Per una guida pratica su come documentare i requisiti, consulta il capitolato tecnico e documentazione requisiti. Per capire cosa valutare quando si sceglie un fornitore sul lungo periodo, leggi la sezione sul rischio vendor lock-in.
Valutazione per il tuo gestionale su misura
Se hai letto fin qui, hai un quadro chiaro dei range di prezzo e di cosa li determina. Il passo successivo è capire dove si colloca il tuo progetto specifico.
Prima di richiedere un preventivo, è utile avere documentato - anche in modo informale - i processi che vuoi digitalizzare, il numero di utenti coinvolti e i sistemi con cui il gestionale dovrà parlare. La guida su come valutare un preventivo per software aiuta a strutturare queste informazioni.
Un fornitore che pubblica range di prezzo con assunzioni esplicite sta dicendo una cosa precisa: sa stimare perché ha un processo per farlo. Un fornitore che risponde solo "dipende" a ogni domanda economica rende impossibile qualsiasi confronto informato.
Gestionale su Misura Light: €5.000 - 12.000
Il Gestionale su Misura Light di Nesso Digitale copre progetti a perimetro ristretto: 1-2 aree operative, nessuna integrazione complessa, requisiti definiti prima dell'avvio. La durata è 8-10 settimane dall'avvio effettivo.
Prerequisiti dichiarati:
- Processo target delimitato e un referente operativo disponibile
- Accesso a dati di esempio e regole di business prima dell'implementazione
Cosa è incluso:
- Discovery e specifiche funzionali
- Sviluppo e test
- 1 iterazione di revisione UI
- Handover documentato con runbook
Il range €5.000-12.000 si sposta verso il basso quando il perimetro è stretto e i requisiti sono stabili. Si sposta verso l'alto quando compaiono integrazioni esterne o quando la fase di discovery rivela complessità non emerse in fase di valutazione iniziale.
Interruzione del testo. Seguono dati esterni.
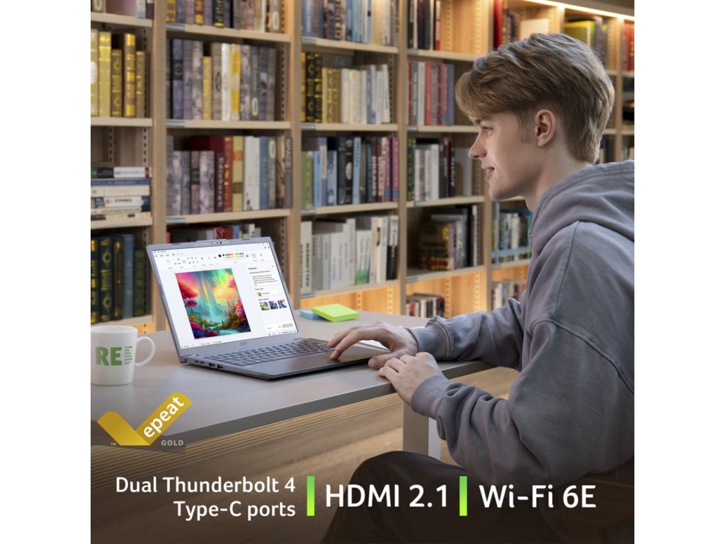 Operačný systém: Windows 11 Home Procesor: Intel Core Ultra 5 226V (8 jadier - 4P + 4LPE, 8 vlákien, jadro P 2,1/4,5 MB cache) NPU: Intel® AI Boost NPU až 40 TOPS Pamäť: 16 GB LPDDR5X na doske Pevný disk: 512 GB PCIe NVMe SSD PM4 Optická jednotka: nie Čítačka pamäťových kariet: nie Displej: 14" WUXGA (1920x12 100%/Adobe 100%, 400 nitov, podpora HDR True black 500, TÜV Low Blue/Eyesafe Grafická karta: Intel Arc 130V Zvuk: 2x reproduktor; 2x mikrofón Webová kamera: FHD IR USB TNR Presný touchpad Čítačka otlačkov prstov: nie Síť: nie Bezdrôtová komunikácia: WLAN + Bluetooth (Wifi 6E Intel AX211 802.11ax 2x2 + BT 5.3) (podpora DisplayPortu cez USB-C/USB nabíjanie 5V; 3A/DC-in port 20V; Type-C™: USB4® 40Gb/s/Thunderbolt™ 4 2x USB 3.2 Gen1 Ďalšie porty: 1x kombinovaný konektor pre sluchátka/mikrofón (3,5 mm) 1x HDMI 2.1 1x bezpečnostný slot Kensington Batéria: 65Wh Li-ion Napájanie: 65 Rozmery: 318,9x225,1x16,9 mm Hmotnosť: približne 1,4 kg Záruka: 2 rokyDodatočné parametre

Scopri il Gestionale su Misura Light e richiedi una call esplorativa →
Se il tuo progetto sembra più complesso - più moduli, integrazioni legacy, team distribuito - richiedi una valutazione diretta: il referente tecnico italiano valuta il perimetro e indica quale modello è più adatto, senza impegno.
Aggiornato a giugno 2026.
Autore: Riccardo Sabatti - Founder, Nesso Digitale
FAQ
Quanto costa un gestionale su misura per una PMI italiana?
Il costo dipende da scope, numero di moduli e complessità dei processi da digitalizzare. Per un gestionale con 2 - 3 moduli e un processo operativo delimitato, il range realistico è €5.000 - 12.000 (offerta Gestionale su Misura Light di Nesso Digitale, durata 8 - 10 settimane). Progetti più articolati - con integrazioni esterne, flussi multi-reparto o migrazione dati complessa - possono superare i €30.000 - 100.000+. Se il tuo caso è ancora vago, una fase di discovery preliminare è il modo più affidabile per ottenere un preventivo fondato, non una stima a spanne.
In quanto tempo viene consegnato un gestionale su misura?
Per un progetto a scope ristretto - come quello incluso nel Gestionale su Misura Light di Nesso Digitale - il tempo stimato è 8 - 10 settimane dalla firma al go-live, a condizione che i requisiti siano stabili e che ci sia un referente operativo disponibile lato cliente. Requisiti che cambiano in corso d'opera o dati di partenza incompleti sono le cause principali di slittamento: per questo Nesso Digitale lavora con backlog prioritizzato e gestione formale delle change request fin dall'inizio.
Cosa serve avere pronto prima di avviare lo sviluppo di un gestionale personalizzato?
Prima di avviare lo sviluppo, Nesso Digitale richiede almeno tre elementi concreti: un referente operativo disponibile (non solo un decisore, ma chi conosce il processo nel dettaglio), un campione di dati reali o rappresentativi da usare durante l'implementazione, e le regole di business documentate o verificabili - ovvero le eccezioni, i casi limite e le logiche di calcolo che il gestionale dovrà gestire. Senza questi input, qualsiasi preventivo rimane provvisorio e il rischio di costi aggiuntivi aumenta in modo significativo.